#### Records supplied
^^^^^^^^^^^^^^^^
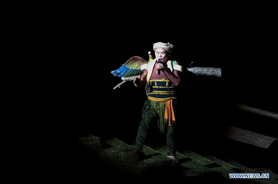 Yang Xingyong performs Chuanjiang Haozi, work songs of boat trackers, during the real-scene show Impression Wulong at a tourist scenic spot in Wulong District of southwest China's Chongqing, March 26, 2019. Yang Xingyong, a 48-year-old farmer from Banqiao Village of Baima Town in Wulong District of Chongqing, has staged over 2,000 performances in the Impression Wulong, a well-known 70-minute-long show that depicts the landscape and culture of southwest China. His excellence in performing Chuanjiang Haozi, work songs of boat trackers in Chongqing, has earned him not only fame, but also a prosperous life. In recent years, Wulong District has been committed to developing tourism industry, as a way to attract talents and capital, and boost people's income. The tourism sector has become a major source of income for about 100,000 people in the district. (Xinhua/Liu Chan)
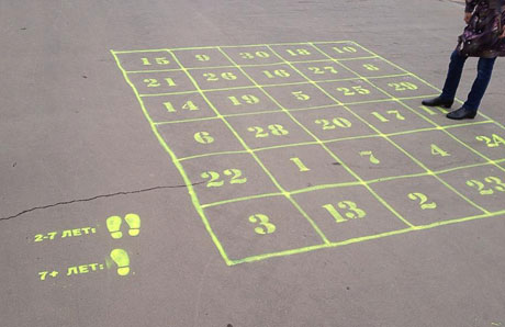 Расчерчены «многоклеточные классики», другой их вариант «три- пятнадцать-девять-двадцать» (или «ножки», также обозначена площадка для прыжков в длину с места. Площадки «предназначены для взрослых и детей, ожидающих автобус и желающих провести это время весело и с пользой», рассказали инициаторы их создания.
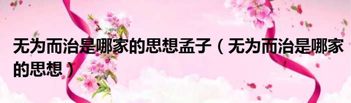 无为而治是哪家的思想孟子(无为而治是哪家的思想)
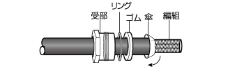 同軸ケーブルの外皮をカッターナイフで除去し、受部、リング、ゴムを通します。傘は外皮の付け根部の止まるところまで通します。
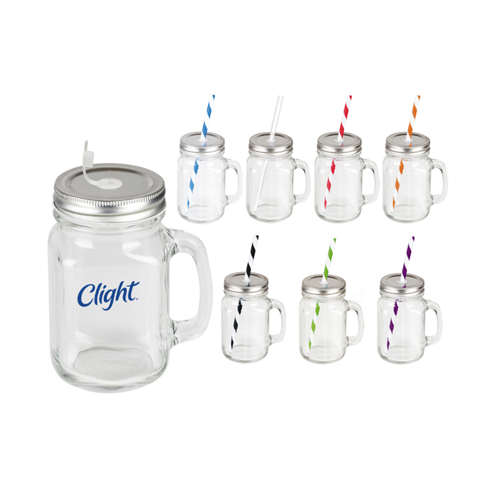 Práctico vaso de vidrio con asa y tapa de metal. CAP. 450 ml.
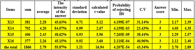 The data in Table (13) for analyzing the sample’s answers to the dimension (technical support and assistance services) indicate that the highest arithmetic mean (4.48) was for the sixteenth question, which indicates the keenness of library workers to provide technical support as quickly as possible to beneficiaries when facing problems in using digital resources, followed by the seventeenth question with an arithmetic mean (4.47), which indicates that the library provides notifications directed to beneficiaries alerting them to cases of malfunctions or maintenance of the digital systems that it provides to beneficiaries.
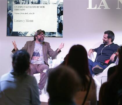 Con un formato de entrevista pública que saltó de la palabra al dibujo para regresar a la oralidad otra vez, los ilustradores Liniers y Montt se reunieron ayer con una platea joven y curiosa en el stand de LA NACION. ¿Cuál es el personaje más fácil de hacer? ¿Cómo se dieron cuenta de que querían ser dibujantes? Enseguida se rompió el hielo, y el par de cómplices contó sus historias y las de sus personajes, fibrón en mano. Debatieron sobre qué es ser un buen dibujante y los ejemplos de genialidades como Mafalda, Bart Simpson o Hello Kitty llevaron a una conclusión sobre el valor de lo simple y la belleza de la imperfección.
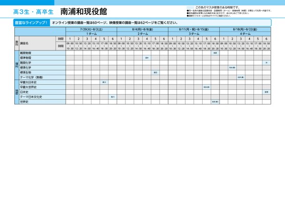 高3生・高卒生南浦和現役館この色のマスが授業のある時限です。●同一名称の講座は設置校舎・設置期間(ターム)・授業時間(時限)が異なっても同一内容です。●担当講師は変更になる場合がありますので、あらかじめご了承ください。●講師のフルネームはWebサイトでご確認ください。豊富なラインアップ!オンライン授業の講座一覧は60ページ、映像授業の講座一覧は62ページをご覧ください。7/29(火)~8/2(土)1ターム341256128/4(月)~8/8(金)2ターム348/11(月・祝)~8/15(金)8/18(月)~8/22(金)56123ターム3456124ターム345609:0010:5013:2015:1017:0018:5009:0010:5013:2015:1017:0018:5009:0010:5013:2015:1017:0018:5009:0010:5013:2015:1017:0018:50〜〜〜〜〜〜〜〜〜〜〜〜〜10:3012:2014:5016:4018:3020:2010:3012:2014:5016:4018:3020:2010:3012:2014:5016:4018:3020:2010:3012:2014:5016:4018:3020:20〜〜〜〜〜〜〜〜〜〜〜酒井倉田西川西川宮原坂本(新)坂本(新)向井(勇)向井(勇)沖富増時限時間難関物理標準物理難関化学標準化学標準生物テーマ化学(無機)早慶大日本史早慶大世界史日本史テーマ日本文化史世界史理科地歴講座名教科●2025年度/夏期講習/東日本/南浦和/高3・卒生/パターン34602025_56_3_336_11_20250328204139.csv/2ページ校了時削除
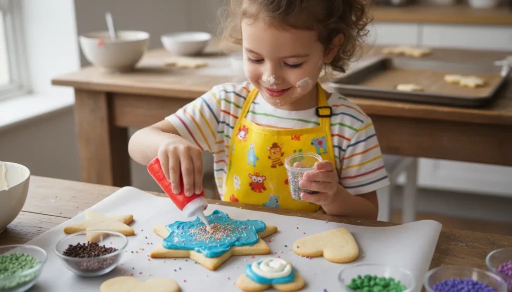 - Decorate Sugar Cookies – bake plain rounds, let kids frost & sprinkle
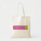 These bags were super cute (I purchased 3). The material is more of a canvas look & feel. The colour of the bag is slightly off white, but the letters look exactly as pictured. I took 3 photos in different lighting. Would recommend! I liked how there was an option to choose the font and colour of the name. The words are legible and the colours are exactly as pictured.
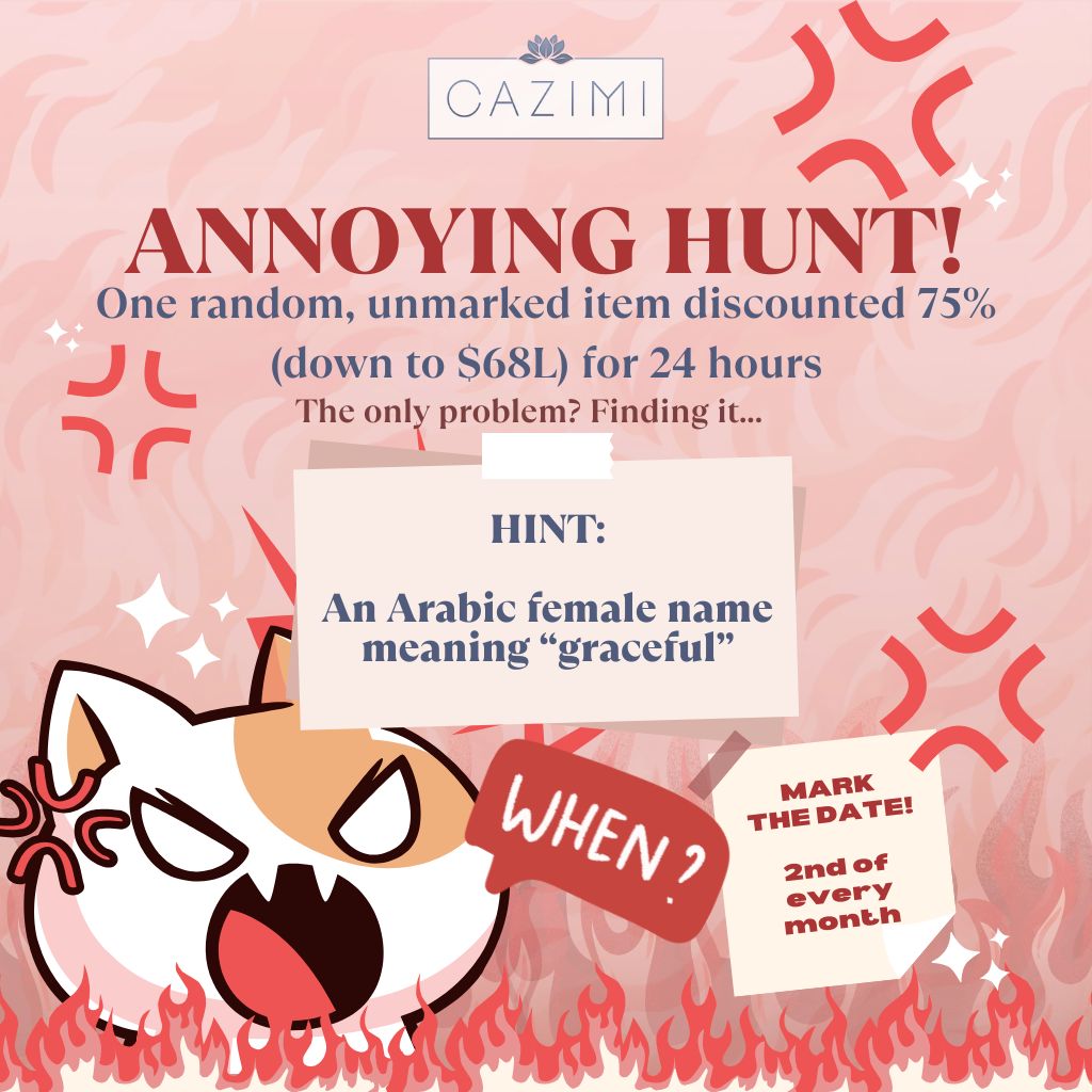 All day December 2nd, CAZIMI is doing the Annoying Hunt! One random unmarked item has its fatpack discounted 75% (down to $68L) for 24 hours. The only problem is… finding it!
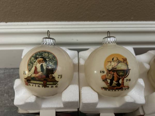 Vintage Christmas ornament set of 8 by Norma Rockwell. No chips or cracks, all in original package.
^^^^^^^^^^^^^^^^
#### What you are asked to do
The expected output is the complete listing, word for word, without any picture.

#### Response to the exercise
 Yang Xingyong performs Chuanjiang Haozi, work songs of boat trackers, during the real-scene show Impression Wulong at a tourist scenic spot in Wulong District of southwest China's Chongqing, March 26, 2019. Yang Xingyong, a 48-year-old farmer from Banqiao Village of Baima Town in Wulong District of Chongqing, has staged over 2,000 performances in the Impression Wulong, a well-known 70-minute-long show that depicts the landscape and culture of southwest China. His excellence in performing Chuanjiang Haozi, work songs of boat trackers in Chongqing, has earned him not only fame, but also a prosperous life. In recent years, Wulong District has been committed to developing tourism industry, as a way to attract talents and capital, and boost people's income. The tourism sector has become a major source of income for about 100,000 people in the district. (Xinhua/Liu Chan)
 Расчерчены «многоклеточные классики», другой их вариант «три- пятнадцать-девять-двадцать» (или «ножки», также обозначена площадка для прыжков в длину с места. Площадки «предназначены для взрослых и детей, ожидающих автобус и желающих провести это время весело и с пользой», рассказали инициаторы их создания.
 无为而治是哪家的思想孟子(无为而治是哪家的思想)
 同軸ケーブルの外皮をカッターナイフで除去し、受部、リング、ゴムを通します。傘は外皮の付け根部の止まるところまで通します。
 Práctico vaso de vidrio con asa y tapa de metal. CAP. 450 ml.
 The data in Table (13) for analyzing the sample’s answers to the dimension (technical support and assistance services) indicate that the highest arithmetic mean (4.48) was for the sixteenth question, which indicates the keenness of library workers to provide technical support as quickly as possible to beneficiaries when facing problems in using digital resources, followed by the seventeenth question with an arithmetic mean (4.47), which indicates that the library provides notifications directed to beneficiaries alerting them to cases of malfunctions or maintenance of the digital systems that it provides to beneficiaries.
 Con un formato de entrevista pública que saltó de la palabra al dibujo para regresar a la oralidad otra vez, los ilustradores Liniers y Montt se reunieron ayer con una platea joven y curiosa en el stand de LA NACION. ¿Cuál es el personaje más fácil de hacer? ¿Cómo se dieron cuenta de que querían ser dibujantes? Enseguida se rompió el hielo, y el par de cómplices contó sus historias y las de sus personajes, fibrón en mano. Debatieron sobre qué es ser un buen dibujante y los ejemplos de genialidades como Mafalda, Bart Simpson o Hello Kitty llevaron a una conclusión sobre el valor de lo simple y la belleza de la imperfección.
 高3生・高卒生南浦和現役館この色のマスが授業のある時限です。●同一名称の講座は設置校舎・設置期間(ターム)・授業時間(時限)が異なっても同一内容です。●担当講師は変更になる場合がありますので、あらかじめご了承ください。●講師のフルネームはWebサイトでご確認ください。豊富なラインアップ!オンライン授業の講座一覧は60ページ、映像授業の講座一覧は62ページをご覧ください。7/29(火)~8/2(土)1ターム341256128/4(月)~8/8(金)2ターム348/11(月・祝)~8/15(金)8/18(月)~8/22(金)56123ターム3456124ターム345609:0010:5013:2015:1017:0018:5009:0010:5013:2015:1017:0018:5009:0010:5013:2015:1017:0018:5009:0010:5013:2015:1017:0018:50〜〜〜〜〜〜〜〜〜〜〜〜〜10:3012:2014:5016:4018:3020:2010:3012:2014:5016:4018:3020:2010:3012:2014:5016:4018:3020:2010:3012:2014:5016:4018:3020:20〜〜〜〜〜〜〜〜〜〜〜酒井倉田西川西川宮原坂本(新)坂本(新)向井(勇)向井(勇)沖富増時限時間難関物理標準物理難関化学標準化学標準生物テーマ化学(無機)早慶大日本史早慶大世界史日本史テーマ日本文化史世界史理科地歴講座名教科●2025年度/夏期講習/東日本/南浦和/高3・卒生/パターン34602025_56_3_336_11_20250328204139.csv/2ページ校了時削除
 - Decorate Sugar Cookies – bake plain rounds, let kids frost & sprinkle
 These bags were super cute (I purchased 3). The material is more of a canvas look & feel. The colour of the bag is slightly off white, but the letters look exactly as pictured. I took 3 photos in different lighting. Would recommend! I liked how there was an option to choose the font and colour of the name. The words are legible and the colours are exactly as pictured.
 All day December 2nd, CAZIMI is doing the Annoying Hunt! One random unmarked item has its fatpack discounted 75% (down to $68L) for 24 hours. The only problem is… finding it!
 Vintage Christmas ornament set of 8 by Norma Rockwell. No chips or cracks, all in original package.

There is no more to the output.